Wednesday, January 30, 2013

Here's the deal - no carrier, mas organic

T-shirt printing is typically the physical process of pressing an ink gelatin through a polyester mesh onto a shirt and creating a physical bond between the typically plastic ink and the fibers on the t-shirt. Because the inks themselves are pigments, they are resting on top of the fiber versus a dye which would be embedded with the fiber. A discharge ink is considered a dye because it removes the dye that is giving a shirt a color. In order to put a color on a t-shirt you need to embed a pigment. The pigment themselves are natural in that all color comes from organic materials, but the carriers, the solutions that the inks are printed with art typically plastisol or acrylic. Water based inks are acrylics, generally, with the exception of discharge inks, and therefore they harden around the fiber and the only difference between acrylics and plastisol is that plastisol hardens with heat and hardens quicker. My work is based on literally embedding particles, smaller and smaller, into the fibers so that the physical bond of the color is with the fiber itself and not with the plastic mediums that hold the color in them.

Why, oh why do I find these things to try and turn the world of printing upside down?
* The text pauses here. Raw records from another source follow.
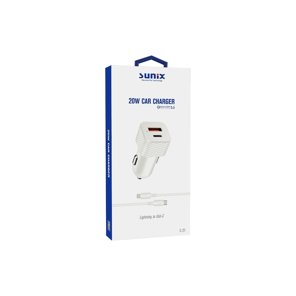 SUNIX C-21 20W 3.0 LİGHTNİNG ARAÇ ŞARJ SETİ, Apple cihazlarınız için ideal bir araç şarj cihazıdır. Ürün, yüksek kaliteli malzemelerden üretilmiştir ve size güçlü ve güvenilir bir şarj deneyimi sunar.
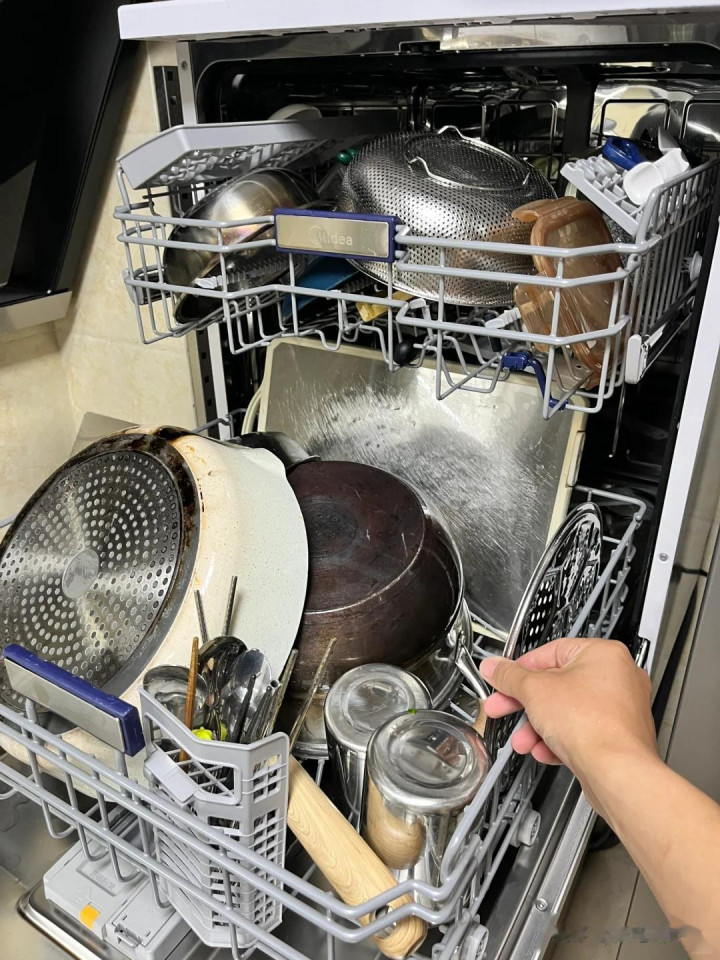 而且洗碗机不像我想象中的那么简单省事,用之前必须提前冲洗干净厨具和餐具上面的垃圾,要按照使用说明放,才有可能洗的干净,不会出现残留、厨余垃圾堵塞排水口的情况。
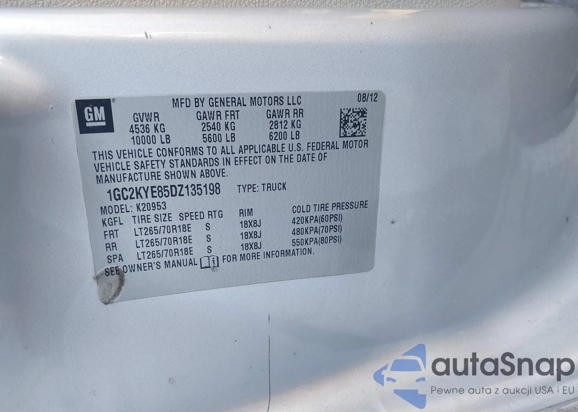 • VIN: 1GC2KYE85DZ135198

I don't know what, but I am not happy with the idea that water-based inks are considered more natural than plastisol, when they are just as much as plastic themselves. Printing directly with pigments that create a physical bond inside the fiber of the garment is a direct process that can eliminate the chemicals that are typically considered "bad" for screenprinting. I don't have a name for this stuff yet, but the concept to me is simliar to sand painting and therefore the t-shirts with this type of design should not be considered as permanent. Just like you don't expect your vegetables to last forever, you should not expect your t-shirt designs to last forever.

The harsh reality comes down to the question of will this cost more? T heoretically less materials should result in less expenses and translate into less cost for the consumer. The problem, and this is how we getcha' is that there is more immediate handling of the inks and shirts, so it may be a product that cost more, as far as, time on the press, handling and dry time. Personally, I don't care about the cost from an individual printing my own work standpoint, but from the consumer's standpoint this could be an issue. I like the concept though because it takes me back to my original expertise, which is from photography, and the idea that the pigments make the design is also similar to how the silver pigments in film and photo-sensitized paper is what makes the image appear in photographs. I am now conceiving a print of very fine particles of graphite on a t-shirt, without a gelatin emulsion carrier, being embedded into a white t-shirt with a physical bond between the fibers and the graphite making the print stay. This is a truly archival print and until the cotton or the graphite are disturbed, nothing should break them down besides atmospheric conditions and atomic decay.